→ Problem statement: Write out the data once more, exactly as it reads.

(Stored entries)
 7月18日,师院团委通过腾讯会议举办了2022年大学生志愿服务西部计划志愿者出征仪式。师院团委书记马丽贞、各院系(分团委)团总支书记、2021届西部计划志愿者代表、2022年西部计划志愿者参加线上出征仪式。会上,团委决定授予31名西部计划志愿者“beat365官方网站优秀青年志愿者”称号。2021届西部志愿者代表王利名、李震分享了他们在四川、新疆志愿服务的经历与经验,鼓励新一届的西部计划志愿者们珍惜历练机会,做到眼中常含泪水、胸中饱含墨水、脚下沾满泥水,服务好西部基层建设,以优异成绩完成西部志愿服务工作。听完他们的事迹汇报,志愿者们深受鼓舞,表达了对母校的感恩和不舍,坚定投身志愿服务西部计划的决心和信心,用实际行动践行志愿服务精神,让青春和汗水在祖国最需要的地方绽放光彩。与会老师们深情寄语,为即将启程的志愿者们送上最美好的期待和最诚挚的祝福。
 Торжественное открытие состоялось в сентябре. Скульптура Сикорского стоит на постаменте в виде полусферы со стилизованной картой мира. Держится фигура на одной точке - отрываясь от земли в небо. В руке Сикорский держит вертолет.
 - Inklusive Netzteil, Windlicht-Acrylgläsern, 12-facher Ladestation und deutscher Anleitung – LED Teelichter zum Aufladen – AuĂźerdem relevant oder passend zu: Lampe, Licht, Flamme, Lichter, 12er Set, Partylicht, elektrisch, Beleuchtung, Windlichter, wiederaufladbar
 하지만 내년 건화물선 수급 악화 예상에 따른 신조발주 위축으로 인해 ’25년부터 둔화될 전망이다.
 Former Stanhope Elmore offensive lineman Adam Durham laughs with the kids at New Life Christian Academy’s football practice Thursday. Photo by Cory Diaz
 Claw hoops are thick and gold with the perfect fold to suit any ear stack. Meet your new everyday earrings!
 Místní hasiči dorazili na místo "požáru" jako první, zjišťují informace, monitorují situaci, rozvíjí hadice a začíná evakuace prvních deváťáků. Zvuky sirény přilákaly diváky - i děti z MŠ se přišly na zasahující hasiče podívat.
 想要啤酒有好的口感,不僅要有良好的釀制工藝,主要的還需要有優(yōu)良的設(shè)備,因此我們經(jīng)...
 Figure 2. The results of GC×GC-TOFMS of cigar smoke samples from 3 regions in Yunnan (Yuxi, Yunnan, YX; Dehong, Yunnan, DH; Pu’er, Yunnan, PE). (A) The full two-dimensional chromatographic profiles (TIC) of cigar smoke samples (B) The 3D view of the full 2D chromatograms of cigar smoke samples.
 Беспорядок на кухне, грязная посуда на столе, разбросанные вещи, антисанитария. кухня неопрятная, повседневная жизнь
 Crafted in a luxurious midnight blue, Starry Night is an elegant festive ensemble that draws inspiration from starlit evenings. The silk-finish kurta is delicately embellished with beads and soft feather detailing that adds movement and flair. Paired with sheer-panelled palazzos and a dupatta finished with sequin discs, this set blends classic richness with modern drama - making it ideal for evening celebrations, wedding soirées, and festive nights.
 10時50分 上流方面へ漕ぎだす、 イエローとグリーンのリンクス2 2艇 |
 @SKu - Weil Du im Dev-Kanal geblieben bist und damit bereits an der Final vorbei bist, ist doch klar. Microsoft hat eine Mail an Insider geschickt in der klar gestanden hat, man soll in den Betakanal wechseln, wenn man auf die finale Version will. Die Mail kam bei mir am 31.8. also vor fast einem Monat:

→ Exercise answer:
 7月18日,师院团委通过腾讯会议举办了2022年大学生志愿服务西部计划志愿者出征仪式。师院团委书记马丽贞、各院系(分团委)团总支书记、2021届西部计划志愿者代表、2022年西部计划志愿者参加线上出征仪式。会上,团委决定授予31名西部计划志愿者“beat365官方网站优秀青年志愿者”称号。2021届西部志愿者代表王利名、李震分享了他们在四川、新疆志愿服务的经历与经验,鼓励新一届的西部计划志愿者们珍惜历练机会,做到眼中常含泪水、胸中饱含墨水、脚下沾满泥水,服务好西部基层建设,以优异成绩完成西部志愿服务工作。听完他们的事迹汇报,志愿者们深受鼓舞,表达了对母校的感恩和不舍,坚定投身志愿服务西部计划的决心和信心,用实际行动践行志愿服务精神,让青春和汗水在祖国最需要的地方绽放光彩。与会老师们深情寄语,为即将启程的志愿者们送上最美好的期待和最诚挚的祝福。
 Торжественное открытие состоялось в сентябре. Скульптура Сикорского стоит на постаменте в виде полусферы со стилизованной картой мира. Держится фигура на одной точке - отрываясь от земли в небо. В руке Сикорский держит вертолет.
 - Inklusive Netzteil, Windlicht-Acrylgläsern, 12-facher Ladestation und deutscher Anleitung – LED Teelichter zum Aufladen – AuĂźerdem relevant oder passend zu: Lampe, Licht, Flamme, Lichter, 12er Set, Partylicht, elektrisch, Beleuchtung, Windlichter, wiederaufladbar
 하지만 내년 건화물선 수급 악화 예상에 따른 신조발주 위축으로 인해 ’25년부터 둔화될 전망이다.
 Former Stanhope Elmore offensive lineman Adam Durham laughs with the kids at New Life Christian Academy’s football practice Thursday. Photo by Cory Diaz
 Claw hoops are thick and gold with the perfect fold to suit any ear stack. Meet your new everyday earrings!
 Místní hasiči dorazili na místo "požáru" jako první, zjišťují informace, monitorují situaci, rozvíjí hadice a začíná evakuace prvních deváťáků. Zvuky sirény přilákaly diváky - i děti z MŠ se přišly na zasahující hasiče podívat.
 想要啤酒有好的口感,不僅要有良好的釀制工藝,主要的還需要有優(yōu)良的設(shè)備,因此我們經(jīng)...
 Figure 2. The results of GC×GC-TOFMS of cigar smoke samples from 3 regions in Yunnan (Yuxi, Yunnan, YX; Dehong, Yunnan, DH; Pu’er, Yunnan, PE). (A) The full two-dimensional chromatographic profiles (TIC) of cigar smoke samples (B) The 3D view of the full 2D chromatograms of cigar smoke samples.
 Беспорядок на кухне, грязная посуда на столе, разбросанные вещи, антисанитария. кухня неопрятная, повседневная жизнь
 Crafted in a luxurious midnight blue, Starry Night is an elegant festive ensemble that draws inspiration from starlit evenings. The silk-finish kurta is delicately embellished with beads and soft feather detailing that adds movement and flair. Paired with sheer-panelled palazzos and a dupatta finished with sequin discs, this set blends classic richness with modern drama - making it ideal for evening celebrations, wedding soirées, and festive nights.
 10時50分 上流方面へ漕ぎだす、 イエローとグリーンのリンクス2 2艇 |
 @SKu - Weil Du im Dev-Kanal geblieben bist und damit bereits an der Final vorbei bist, ist doch klar. Microsoft hat eine Mail an Insider geschickt in der klar gestanden hat, man soll in den Betakanal wechseln, wenn man auf die finale Version will. Die Mail kam bei mir am 31.8. also vor fast einem Monat:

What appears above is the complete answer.